Figure 2 sENO1 marks a subpopulation of mesenchymal-like and highly invasive CSCs. (A) The relative transcript levels of the mesenchymal- (left) or pluripotency- (right) associated genes in sENO1+ CSCs (represented by CD44+CD133+ 22Rv-1 cells), sENO1- CSCs, and non-CSCs (represented by cells in the other subpopulations) using qRT-PCR analysis. Error bars represent mean ± SEM from three independent experiments (n = 3). Unpaired t-test was performed throughout where *p < 0.05 versus non-CSCs; †p < 0.05 versus sENO1- CSCs. (B) Immunoblotting analysis of the indicated markers selected from (A) in non-CSCs, sENO+, and sENO- CSCs. Protein levels were quantified by densitometric analysis of the bands, normalized to β-tubulin (loading control). (C) Limiting dilution assay (LDA) demonstrating the tumorsphere-forming efficacy of each subset of tumor cells.

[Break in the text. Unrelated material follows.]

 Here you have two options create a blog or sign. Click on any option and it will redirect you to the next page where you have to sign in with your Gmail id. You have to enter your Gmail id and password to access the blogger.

Three independent experiments were performed (n = 6). Shown are maximum likelihood estimates with a 95% confidence interval, where **p < 0.01. (D) The invasive capacities of freshly sorted sENO1+ CSCs (represented by CD44+CD133+ 22Rv-1 cells), sENO1- CSCs, and non-CSCs in 22Rv-1 cells in a dual-chamber invasion assay. Shown are representative immunofluorescence images of the invaded cells, with cell nuclei stained with SYTOX-green (green). Scale bars = 500 µm. Right, the number of invaded cells. Error bars represent mean ± SEM from three independent experiments (n = 3). Unpaired t-test was performed throughout where **p < 0.01.
To functionally verify the cellular and molecular data, we compared the tumorsphere-forming and the matrix-invasive capabilities of sENO1+ or ENO1- CSCs. Indeed, whilst both sENO1+ and sENO1- CSCs were capable of forming tumorspheres in low-attachment surface, a functional surrogate for the stemness and the tumorigenicity of tumor cells, sENO1+ cells were significantly more proficient in doing so (Figure 2C). Importantly, in keeping with the strong mesenchymal property of sENO1+ cells, they were considerably more proficient in invading through collagen than their sENO1- counterparts. By contrast, the cells in other subpopulations could barely invade the collagen matrix (Figure 2D).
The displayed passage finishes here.